A risk matrix or risk heat map is a form of risk assessment that is performed on a basic graph or chart. It is sometimes labeled as a qualitative risk assessment. The simplest form of a risk matrix is a 3×3 grid comparing probability and damage potential. This was covered in Chapter 1.
Risk analysis is performed to provide upper management with the details necessary to decide which risks should be mitigated, which should be transferred, which should be deterred, which should be avoided, and which should be accepted. The result is a cost/ benefit comparison between the expected cost of asset loss and the cost of deploying safeguards against threats and vulnerabilities. Risk analysis identifies risks, quantifies the impact of threats, and aids in budgeting for security. It helps integrate the needs and objectives of the security policy with the organization's business goals and intentions. The risk analysis/risk assessment is a “point in time” metric. Threats and vulnerabilities constantly change, and the risk assessment needs to be redone periodically in order to support continuous improvement.

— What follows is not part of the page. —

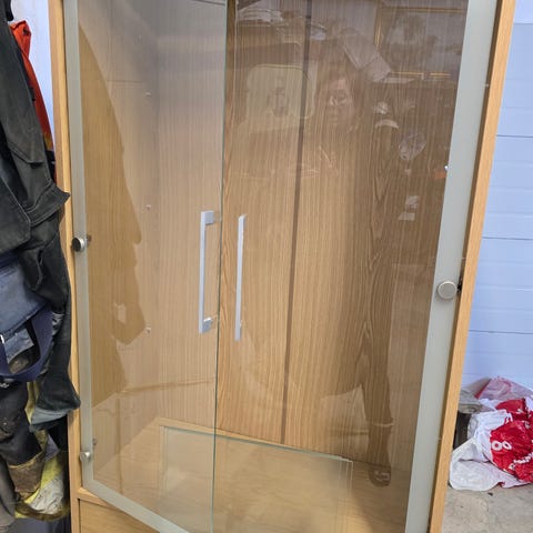 Två vitrindörrar till Liatorp bokhylla från IKEA (har utgått ur sortimentet). I gott använt skick med några skavanker (syns på bilderna).

Security is always changing. Thus, any implemented security solution requires updates and changes over time. If a continuous improvement path is not provided by a selected countermeasure, it should be replaced with one that offers scalable improvements to security.
An enterprise risk management (ERM) program can be evaluated using the Risk Maturity Model (RMM) . An RMM assess the key indicators and activities of a mature, sustainable, and repeatable risk management process. There are several RMM systems, each prescribing various means to achieve greater risk management capability. They generally relate the assessment of risk maturity against a five-level model (similar to that of the Capability Maturity Model [CMM]; see Chapter 20, “Software Development Security”). The typical RMM levels are as follows:
1 Ad hoc—A chaotic starting point from which all organizations initiate risk management.
2 Preliminary—Loose attempts are made to follow risk management processes, but each department may perform risk assessment uniquely.